Довольно долго мы стояли молча, потом я подошел и обнял его.
На ремонт двигателя у механика ушло пять дней, еще три дня они отлаживали его. Я разрывался между необходимостью поторапливать его и стремлением продлить свое пребывание.
Терудзен повел меня на прогулку по окрестным холмам. Больше не было нужды много говорить: мы понимали оттенки молчания друг друга. Что-то новое возникло между нами. И впервые с тех пор, как мы встретились (так много лет назад!), я избавился от бессмысленного ощущения вины. Ночью я лежал без сна и чувствовал его присутствие рядом. Спал он беспокойно. В волосах пробивалась легкая седина, вокруг глаз появилось больше морщин.
Познакомились мы в доме моего отца в Токио. Терудзен был тогда военно-морским советником, направленным надзирать за производством самолетов, которые строил мой отец. Япония только что взяла Сингапур, по всей Азии война велась исключительно успешно. В тот вечер взаимопонимание между нами возникло сразу же, как только я заглянул ему в глаза и отдал поклон. Я задержался подольше, пока отец представлял его другим промышленникам.
Он регулярно приходил обсуждать с отцом детали производства и проектирования самолетов, часто оставался ночевать. Мне было восемнадцать лет. Все происходившее вокруг побуждало меня вступить в армию, чтобы защищать нашу родную землю. Легко было поддаться истерии, сладко соблазниться газетными россказнями о героических боевых летчиках. Каждый выпускник школы в Японии мечтал стать военно-морским летчиком.

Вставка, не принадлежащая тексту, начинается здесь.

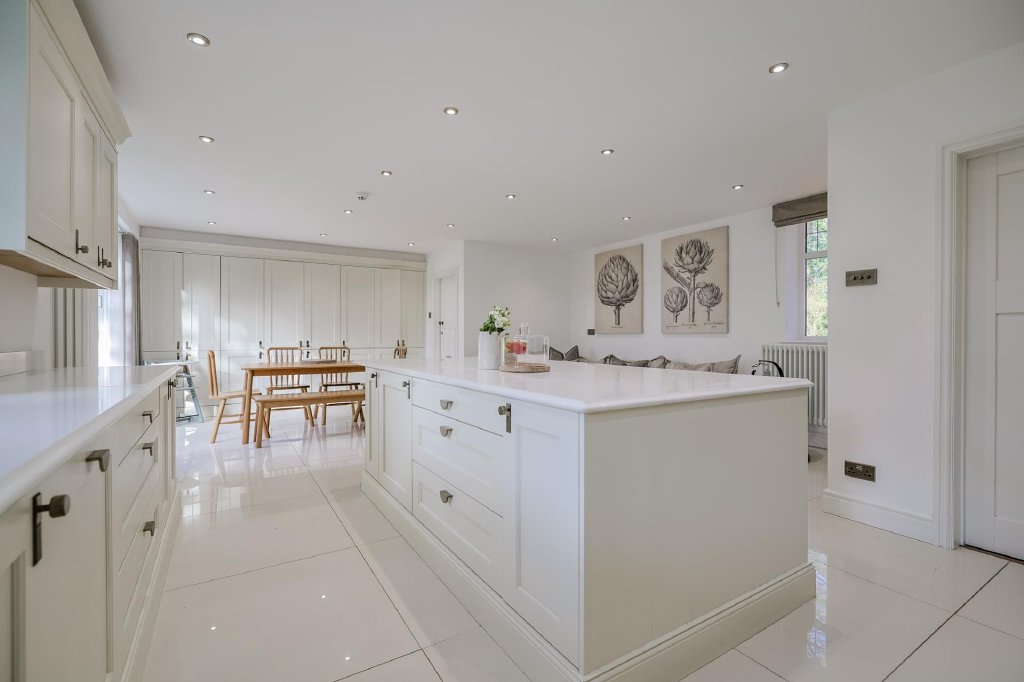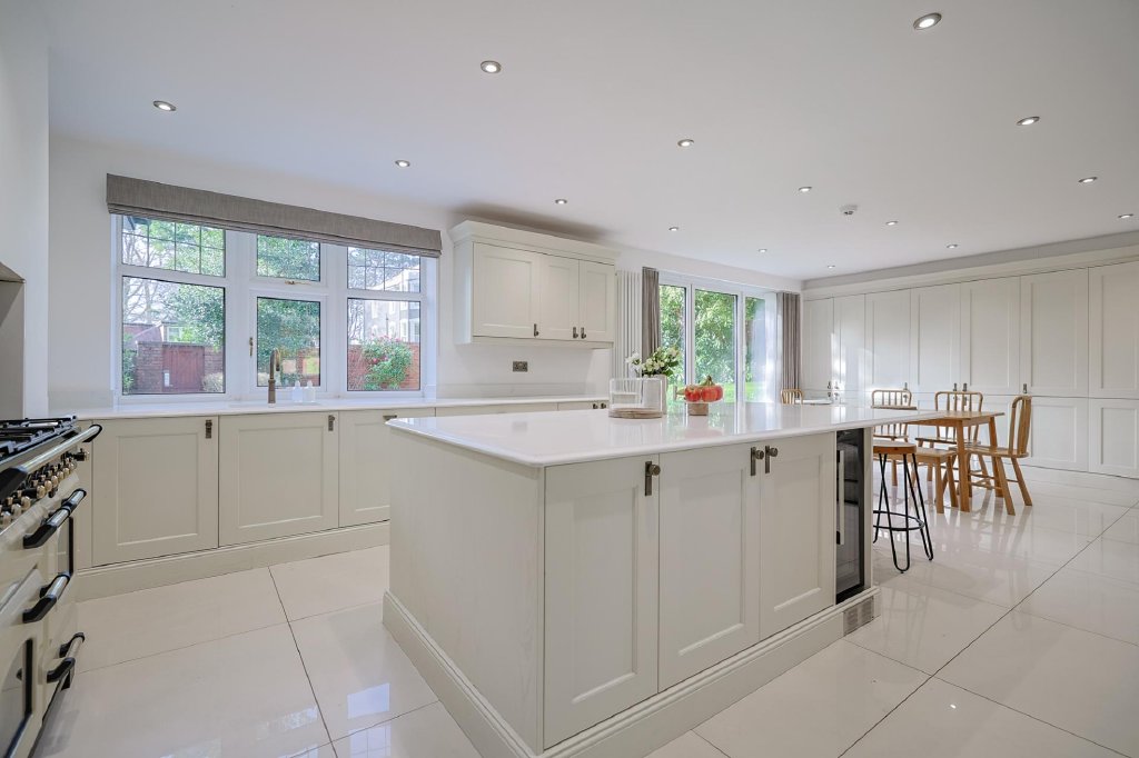 At the heart of the home, the stunning kitchen/dining/family room is bright and airy, with dual-aspect windows and bi-fold doors that seamlessly connect the interior with the garden. Tiled flooring and spotlighting enhance the contemporary feel, while a range of wall and base units topped with white quartz worktops provide ample storage. Integrated appliances include a sunken sink with swan tap, NEFF dishwasher, double Rangemaster oven with 5-ring hob and hot plate, space for an American-style fridge/freezer, and a large island with breakfast bar and slimline wine cooler. A dining area and family seating space complete this hub of the home, with tall units housing white goods neatly out of sight.
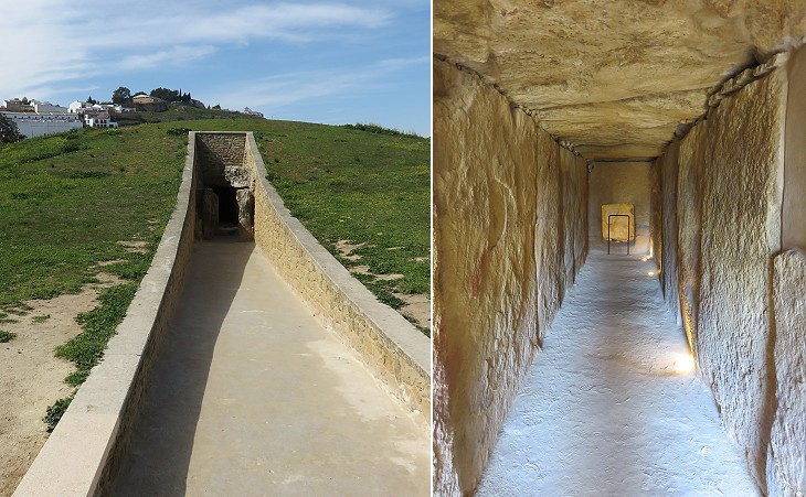 An interesting aspect of Dolmen de Menga is its orientation towards Peņa de los Enamorados, which indicates that the mountain was regarded as a holy site. You may wish to see the megalithic tombs of Mycenae and the corbelled cryptoporticus of Tiryns which were built with techniques similar to those employed at Antequera.
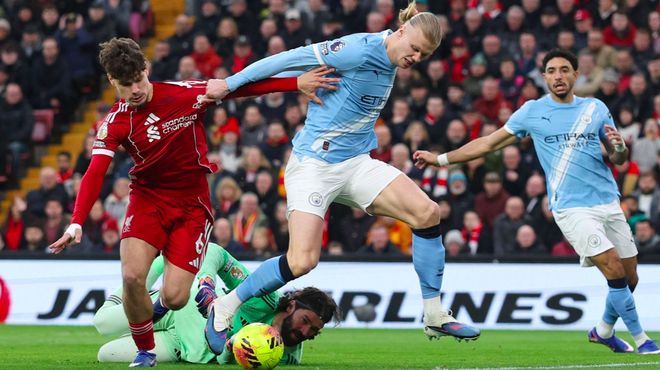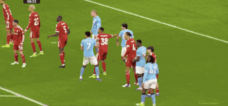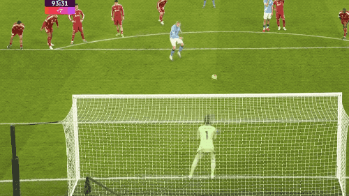 第100分鐘,利物浦大舉壓上,多納魯馬做出神撲,謝爾基本方半場傳球,索博斯洛伊拉拽哈蘭德,哈蘭德也還以顏色,皮球緩緩滾進空門。
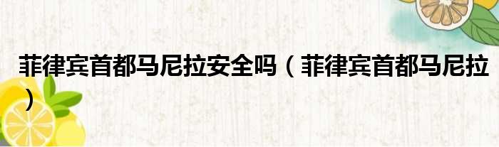 菲律宾首都马尼拉安全吗(菲律宾首都马尼拉)
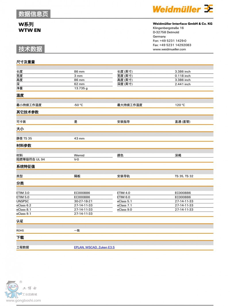 魏德米勒W系列隔板  WTW EN     訂貨號(hào):1058800000
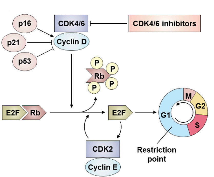 库莫西利(Culmerciclib)为CDK2/4/6抑制剂,CDK4/6(细胞周期蛋白依赖性激酶4和6)通过磷酸化Rb(成视网膜母细胞瘤蛋白)推动细胞周期G1期向前进展。HR+乳腺癌赖雌激素受体(ER)介导的周期蛋白D1上调,激活CDK4/6,使HR+乳腺癌对于CDK4/6敏感。激活HER2信号通路能够绕开CDK4/6,因此HER2-强化了HR+乳腺癌对于CDK4/6的敏感性(Tong Gao., 2025)。CDK2处于CDK4/6的下游,CDK2的过度激活被认为与CDK4/6抑制剂的耐药机制有关(Nealia C House., 2025)。因此库莫西利在延缓CDK4/6抑制剂耐药方面可能具有一定优势,但缺少高质量的研究证据支持。
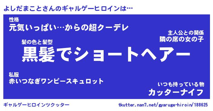 | ヒーロー風カッコイイあだ名 | 『スーパーヨシダマコト』『魔戒騎士ヨシ』 |

Пройдя предварительную авиационную подготовку, я подал заявление в Имперскую военно-морскую академию, где преподавал Терудзен. Иногда он приглашал нескольких слушателей из нашего класса к себе домой. Как раз там я впервые и увидел некоторые укиё-э Аритомо. В доме была большая их коллекция. «Их создал ниваси[1488] императора», — сказал он как-то, когда я был у него в гостях один.

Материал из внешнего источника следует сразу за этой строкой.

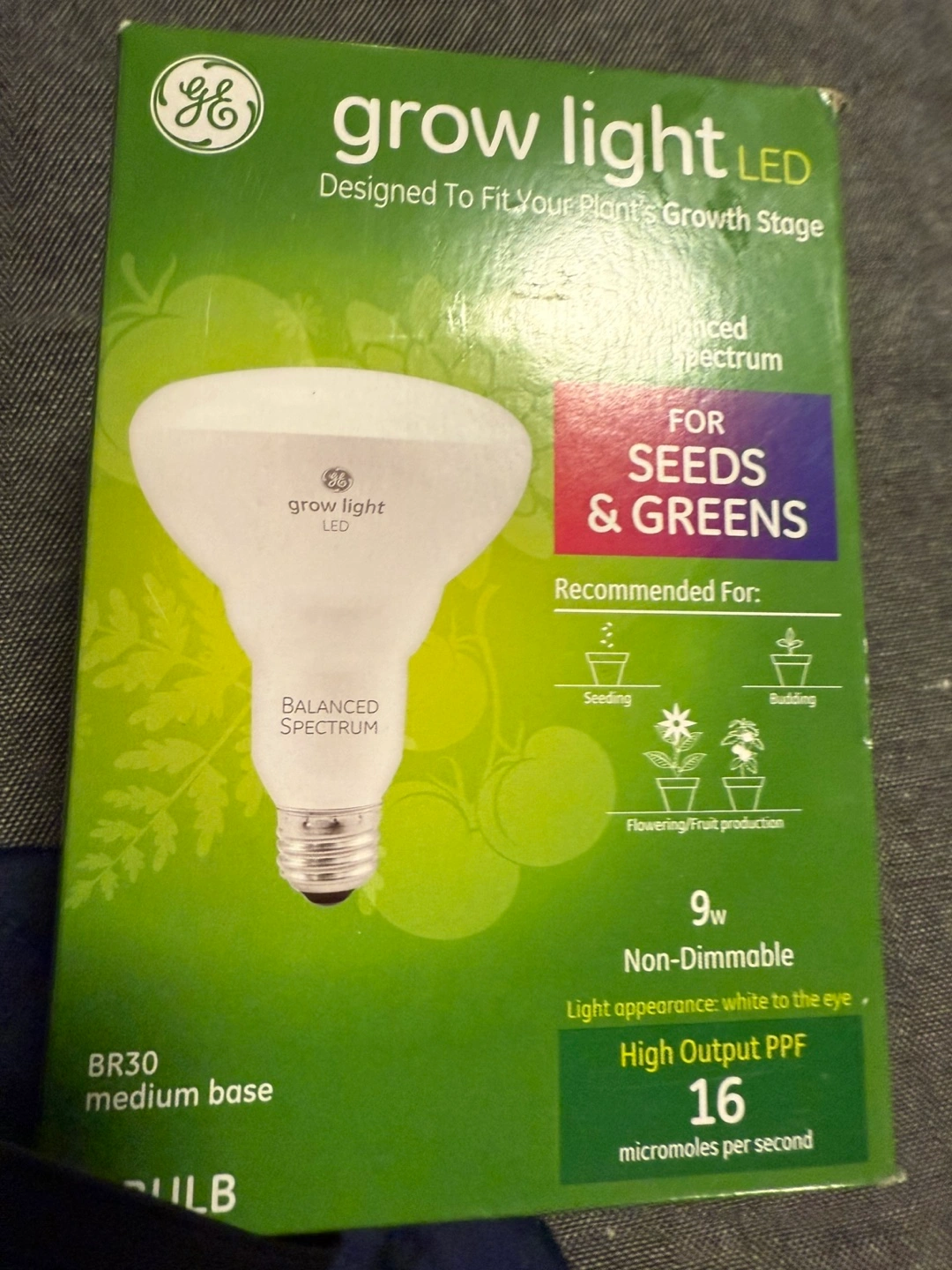 GE Grow Light LED Bulb - 9W - BR30 - For Seeds & Greens
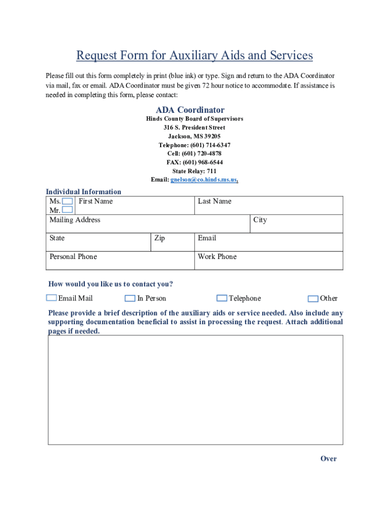 Get the free Request Form for Auxiliary Aids and Services
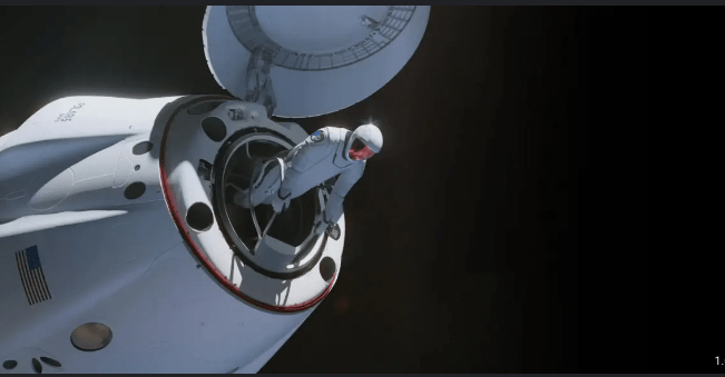 La nave espacial Crew Dragon, conocida por su diseño avanzado y tecnología punta, fue la encargada de llevar a la tripulación a esta impresionante altitud. SpaceX ha demostrado una y otra vez su capacidad para llevar a cabo misiones de gran complejidad y riesgo. En esta ocasión, la Crew Dragon fue adaptada para soportar las exigencias de un viaje a altitudes tan elevadas, lo que incluyó la adaptación de sistemas de soporte vital, comunicaciones y protección contra radiación. A medida que la nave ascendía, la tripulación disfrutó de vistas impresionantes de la Tierra desde una perspectiva que pocos han tenido el privilegio de experimentar. La oscuridad del espacio contrastaba con el brillo de nuestro planeta, creando una escena que subraya la fragilidad y belleza de la Tierra. Después a un altura nada desdeñable realizaron una pequeña salida fuera de la nave, lo que se llama un «paseo espacial» o EVA.

— Тот же самый человек, что наколол вам татуировку? — спросил я. Я уже видел у него на спине, над левой лопаткой, изображение пары цапель, летящих по кругу друг за другом. Поначалу она мне была неприятна, но чем чаще я видел наколку, тем быстрее менял свое мнение. Меня только поражало: как мог человек такого уровня, как Терудзен, позволить себя татуировать? И теперь, воспользовавшись случаем, я спросил его об этом. Терудзен ответил:
— Мы были близкими друзьями.
Что-то в его голосе заставило меня спросить:
— Что случилось?
— Император уволил его. Аритомо уехал из страны несколько лет назад. Никто не знает, куда он делся.
Несколько раз Терудзен водил меня в сады, созданные Аритомо, и рассказывал всякие истории про этого садовника. Сейчас, оглядываясь назад, я понимаю: то были счастливейшие дни в моей жизни. Но, кроме того, это было еще и время, когда я узнал его жену, Норико. Тогда ей уже было за тридцать, ее нежная красота разительно контрастировала с грубоватой жизнерадостностью мужа. Я понял, что должен буду прекратить наши отношения.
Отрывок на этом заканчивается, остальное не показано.